Selector Optimizes Performance of the Epic EHR Environment

Quality medical care today relies on “health systems” built from geographically distributed healthcare settings such as hospitals, urgent care clinics, imaging centers, nursing homes, pharmacies, and specialist offices, among many others. Each setting shares data within the broader health system through Electronic Health Records (EHRs). EHR systems, which were purpose-built to manage patient records, help improve patient outcomes through the real-time sharing of patient data. Several EHR systems are available today, with Epic being the most prominent.

Over time, EHRs have evolved into a broader healthcare operating system, helping administrators manage health records, nurse work assignments, nurse reviews, employee assessments, payroll, budgeting, recruiting, patient portals, patient records, and more. Because EHRs are so deeply ingrained into the hospital’s business, even the slightest performance issue materially affects the entire organization. 

Unfortunately, performance issues occur frequently, and the impact on the organization is often severe. This is because the EHR system is part of a complex healthcare IT ecosystem, where an issue in one place, such as the network, can wreak havoc across all the systems within the environment. Given these risks, organizations must ensure the proper health of the IT environment across their stack—from network, compute, and storage infrastructure to cloud and EHR applications.

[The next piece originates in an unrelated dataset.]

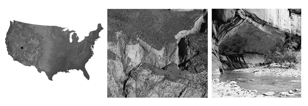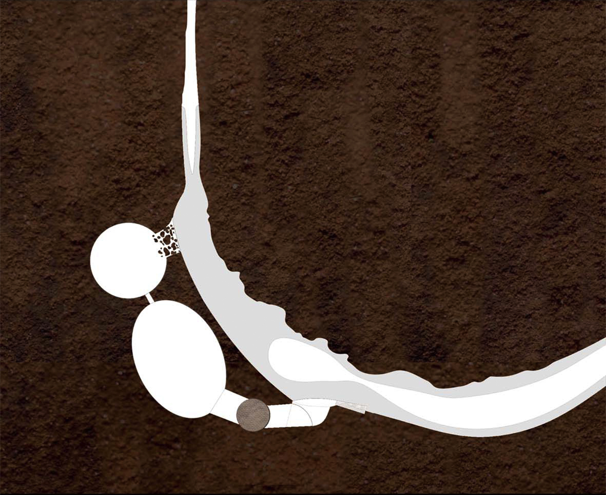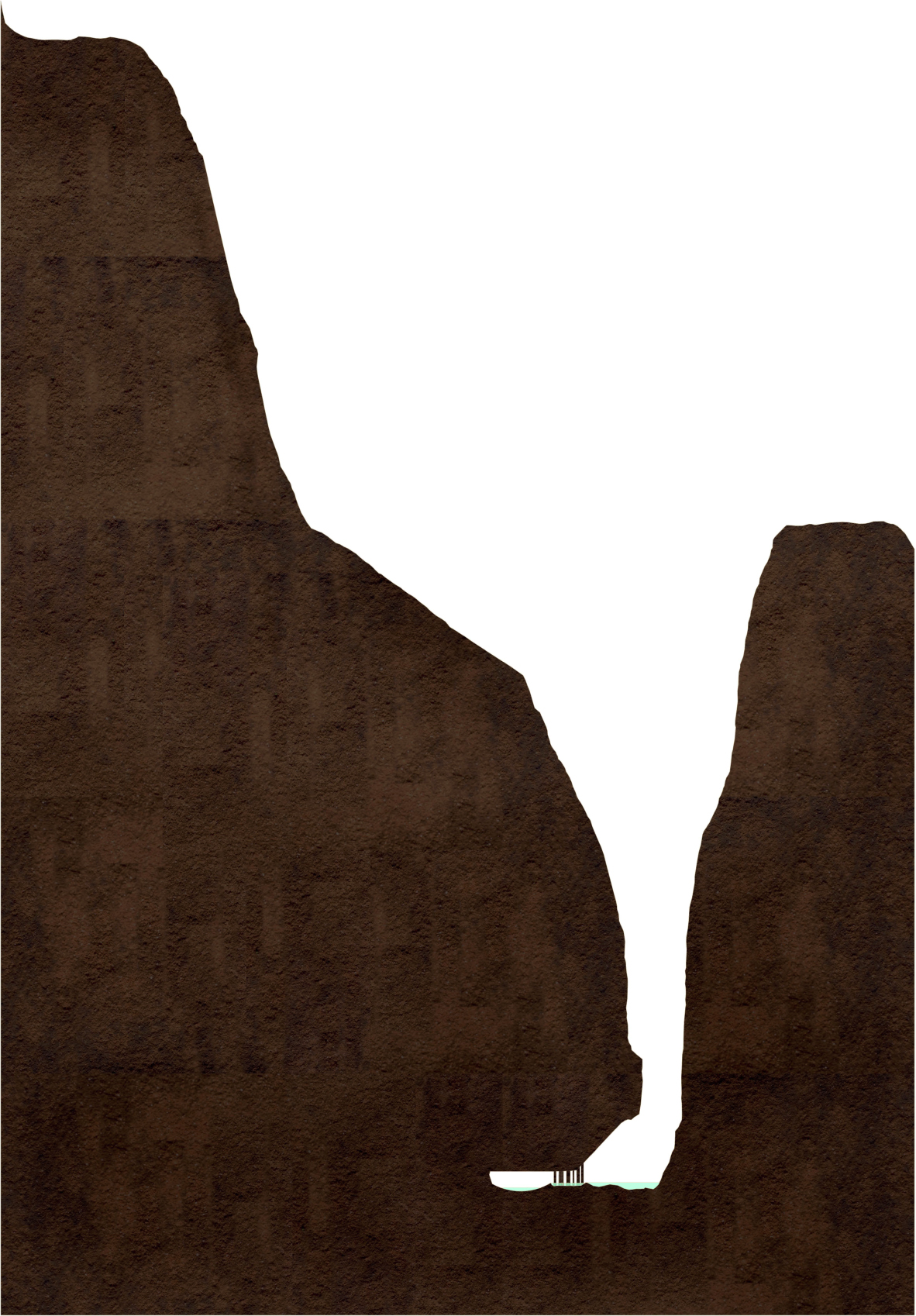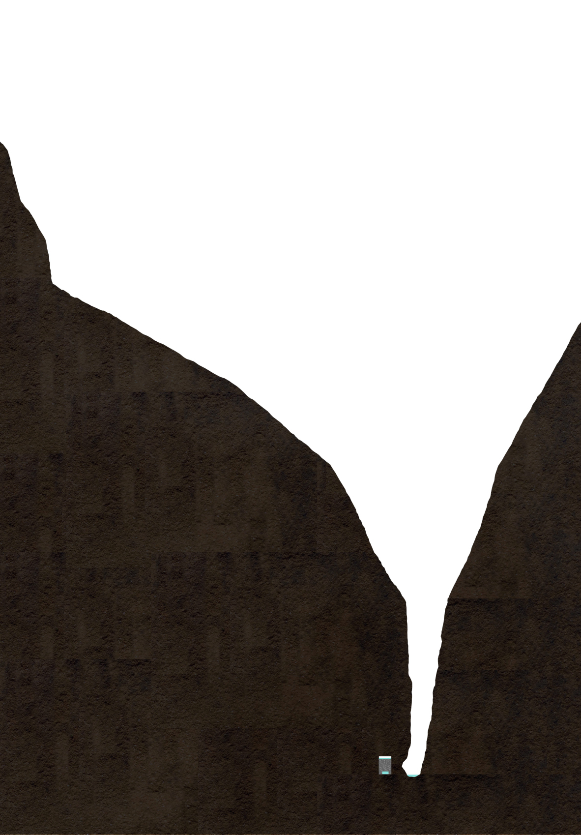 A series of caverns is carved in the canyon wall that act as water filters, depositing potable water for hikers. An architecture is generated without adding any materials, only removing them.

Historically, administrators relied on a suite of products to help address these challenges. IT teams would manually inspect the data and connect the dots to resolve problematic issues. As one might imagine, this process is time-consuming and requires significant effort on behalf of the team. Fortunately, Selector’s purpose-built solution for healthcare observability delivers comprehensive full-stack observability and powerful AI/ML-driven capabilities, such as root cause analysis and event correlation, that continuously analyze the environment, surfacing insights in real-time.

The Challenges of Monitoring Healthcare IT

The historical challenges of performance monitoring and troubleshooting EHRs are mainly due to the complexity of the ecosystem they are within. This ecosystem includes network, compute/SAN, virtualization/VSAN, and applications and is often composed of hundreds to thousands of servers, switches, routers, firewalls, access points, tablets, mobile desktops, and more.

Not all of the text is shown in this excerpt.